Made possible for a new generation of gas appliances the connection pressure of 85 mbar good chances in improving device properties. At a larger connection pressure can namely the nominal size of the gas-carrying parts chosen smaller and a full one Primary air supply to the burner can be realized. Smaller fittings can save costs, enable the over-stoichiometric burner good efficiency in a wide load range and the flame burns out in one smaller volume, correspondingly smaller combustion chambers are necessary.

The pressure drop at the consumption line can by the method according to the invention at the time usual value from 0.5 mbar to 19 mbar, for example increase.
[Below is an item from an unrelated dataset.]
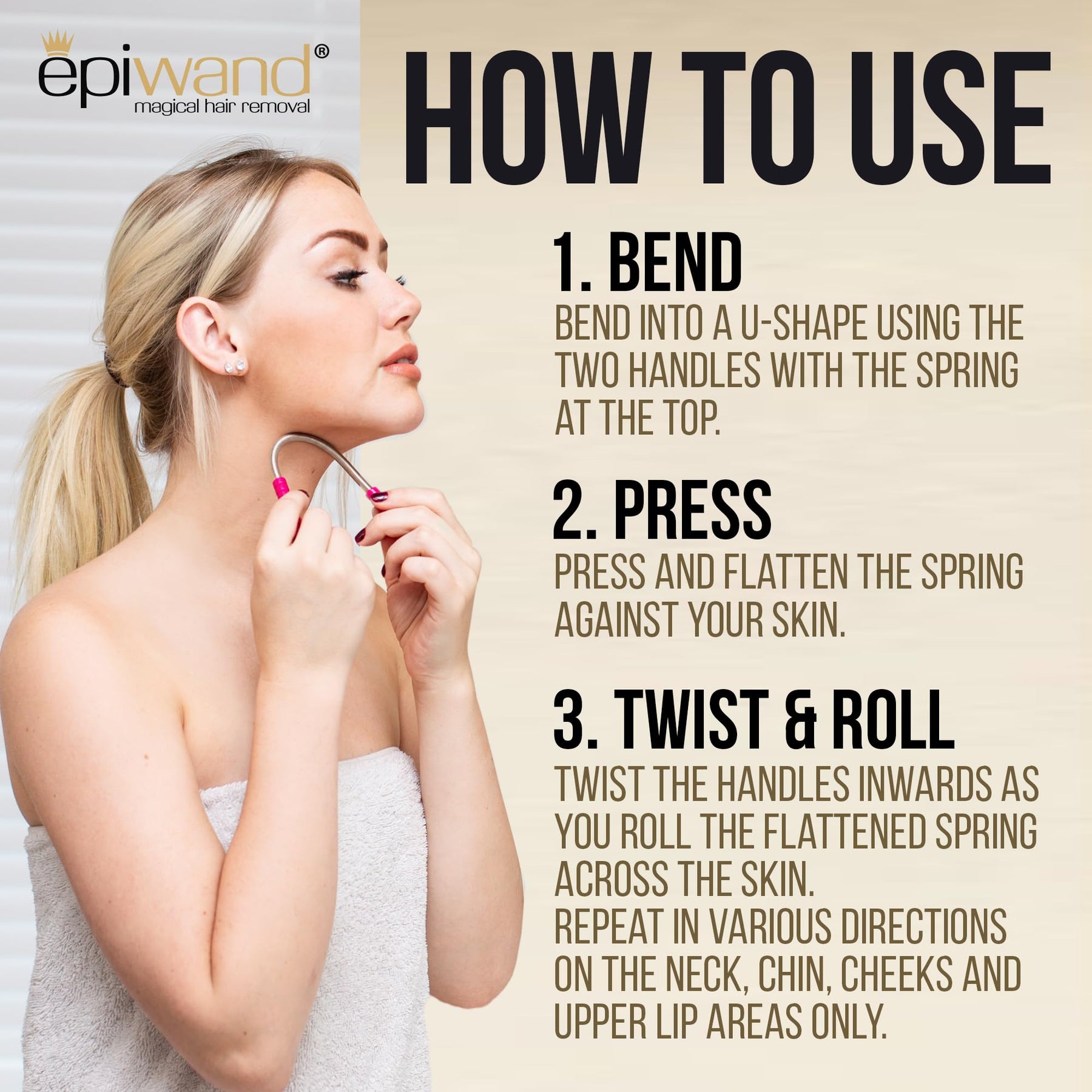 directions | Bend, Press, Twist, Roll Technique. Step 1 - Bend Using both hands, bend your Epiwand into a U shape with the spring at the top. Step 2 - Press Press the spring firmly against your face, so that the spring flattens against the skin. Step 3 - Twist and Roll Using your index fingers and thumbs, twist the handles so that the spring rolls across your face. Step 4 - Top Tip Make sure that the spring rolls 2-4 inches, and apply enough pressure so that the spring remains flat as it rolls. |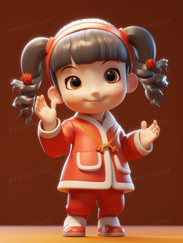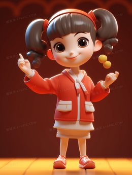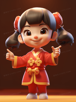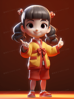 3D立体穿新衣的小姑娘插画

This enables the use of pipes  with a maximum nominal width of 13 mm for the Consumption line and after it in the apartments the climatic conditions also allow the wall thickness of these lines can be significantly reduced, whereby the significant already mentioned several times Metal savings result.

Claims (1)

System for the gas supply of buildings from known system parts, such as connecting lines, shut-off valves, gas meters and consumption lines, in which the fuel gas leaves the last required pressure regulator (operating, house or meter pressure regulator) with a maximum operating pressure permitted in buildings, characterized in that the nominal heat load of the gas devices is set for a connection pressure that is 85 to 90% of the operating pressure and that the minimum connection pressure of the least favorably located gas device in the apartment while operating all gas devices is at least 73% of the operating pressure.